I wrote this post about two months ago, but I am still a bit unmotivated when it comes to blogging. I just really need some time to reflect. I have decided to cut down on posts from three per week to two (Tuesday and Thursday or Friday). I will also be redoing my blog layout, colours, etc. I would really love if anyone would help me for free. I am also stopping trying to monetize my blog until it gets more stable. I need to re-find my passion for blogging. I think everyone struggles from time to time, and I really feel that its something you usually cannot tell from the blog so I thought Id share a bit of my struggles. Without further ado, here’s the post I wrote.
Today is quite a personal post, and to be honest I am not sure if I will be posting this or not. I do know that I need to get it off my mind and even if it sits as a draft forever I will be fine with that.
During the last week(s) I have felt really sad about blogging. Questioning weather or not I should continue. I read somewhere that the average blog lasts for 3 months. I have had mine for about 9, so that’s good I guess.
I love blogging so much and I have been told I am quite passionate about it. But what happens when I put a lot of time and effort into something that just does not go anywhere? I think it would be natural to get discouraged. I have spent less time reading other blogs, hardly on Pinterest anymore (and that’s shocking), I spent a lot of time and energy on my Strawberry with Balsamic Vinegar & Mascarpone post, linked it up to over 20 link parties, I asked the two blogging groups on Facebook to comment on and share this post (because also my stats were so low) but still it only got 23 views, in 1 week.

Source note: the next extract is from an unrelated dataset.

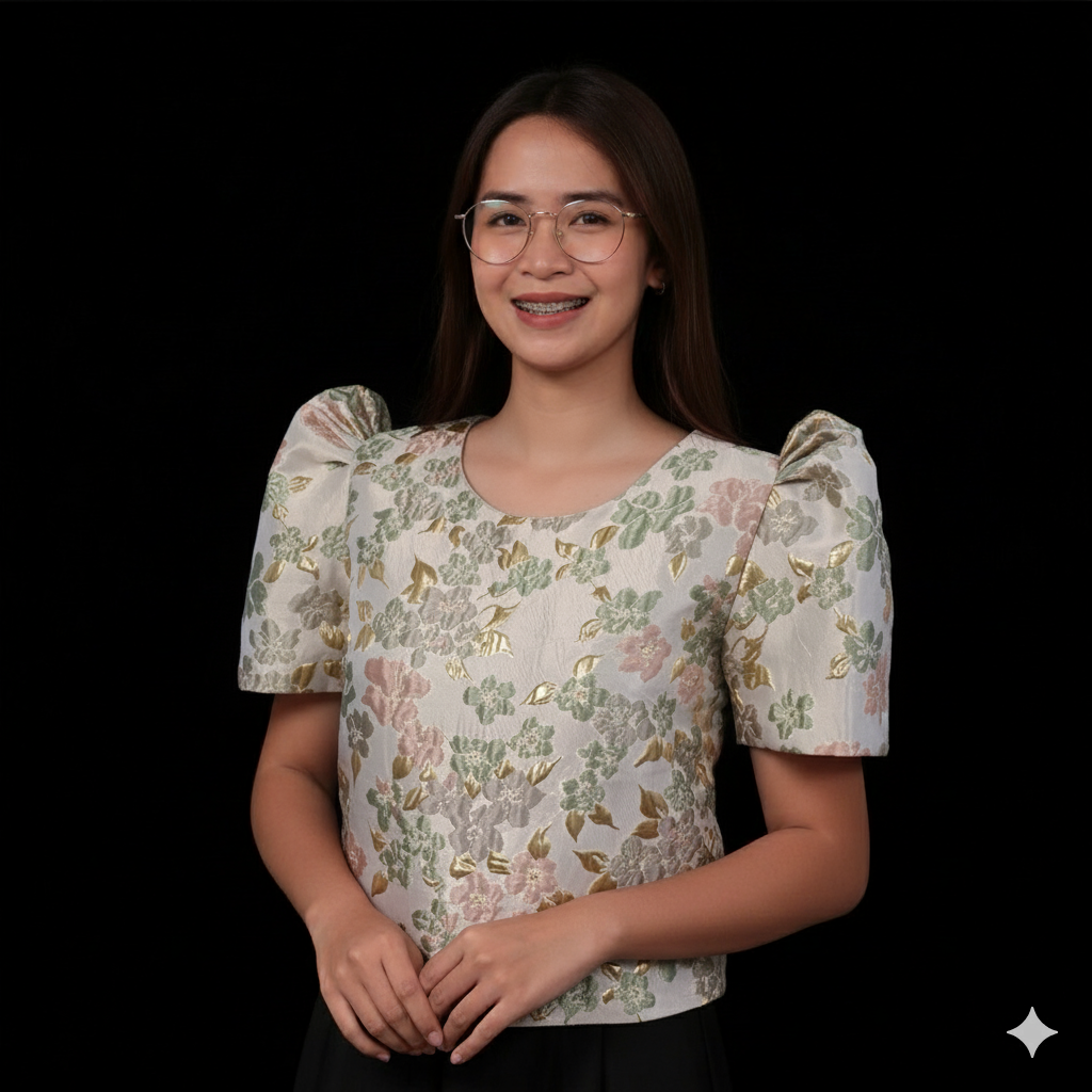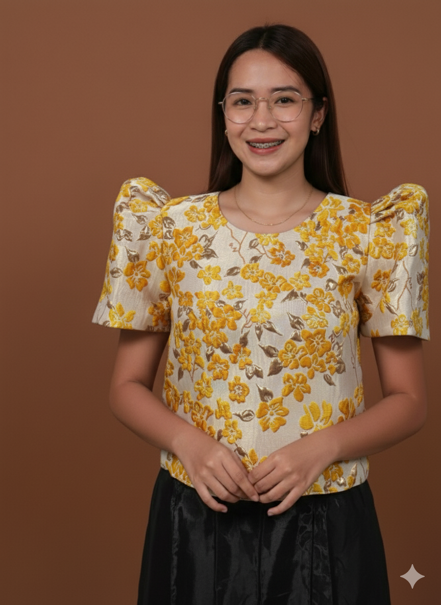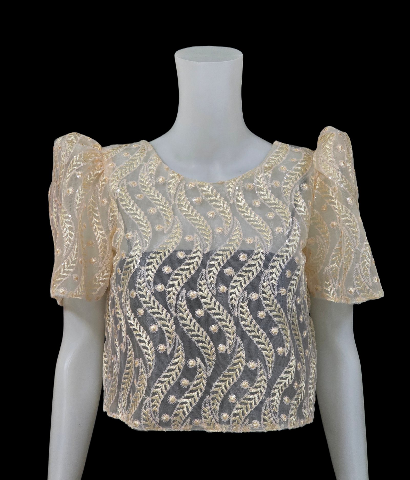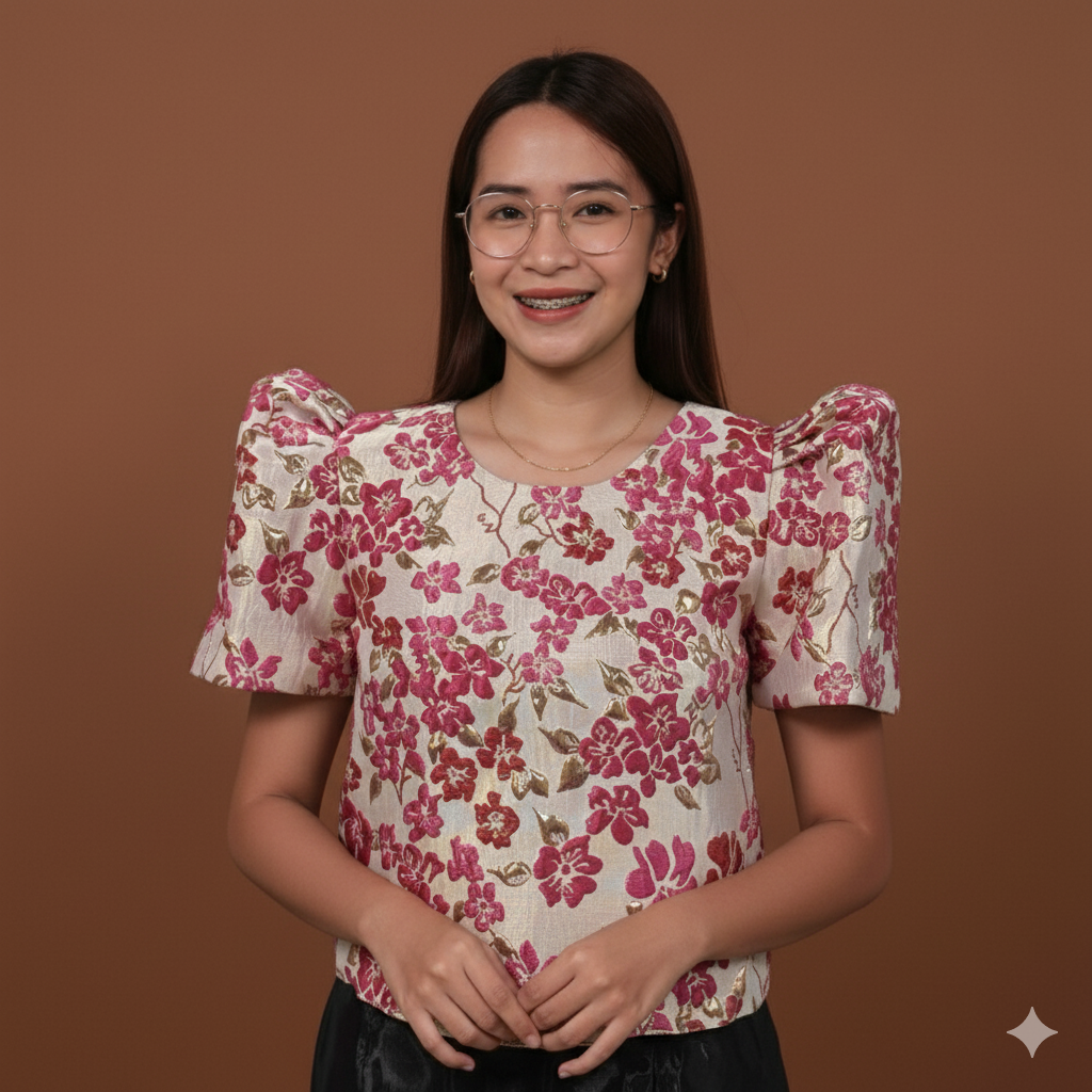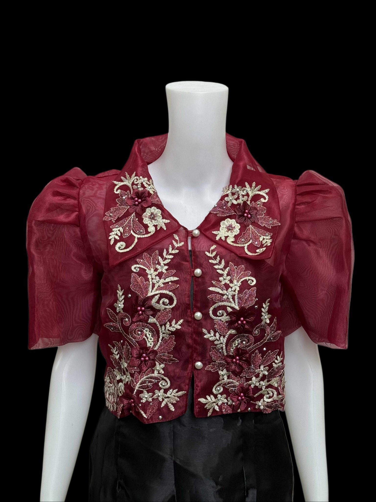 Cowl Jusi Kimona Filipinana Top Rust, Beige, Black

It gets me thinking to what I am doing wrong? I am trying every trick in the book, but my blog is just not going anywhere. Will it ever go anywhere?
Is it just because I do not have a niche? Is it because my writing is bad? Do my project/posts suck? Is it because I am not good enough?
I will continue blogging, because I love it. But it is hard. Some days are less hard than others, but as long as I love what I do my stats should not really matter.
But in the end, I write to share my projects and connect with people. If I my blog is just lost in the big World Wide Web, is there really a point?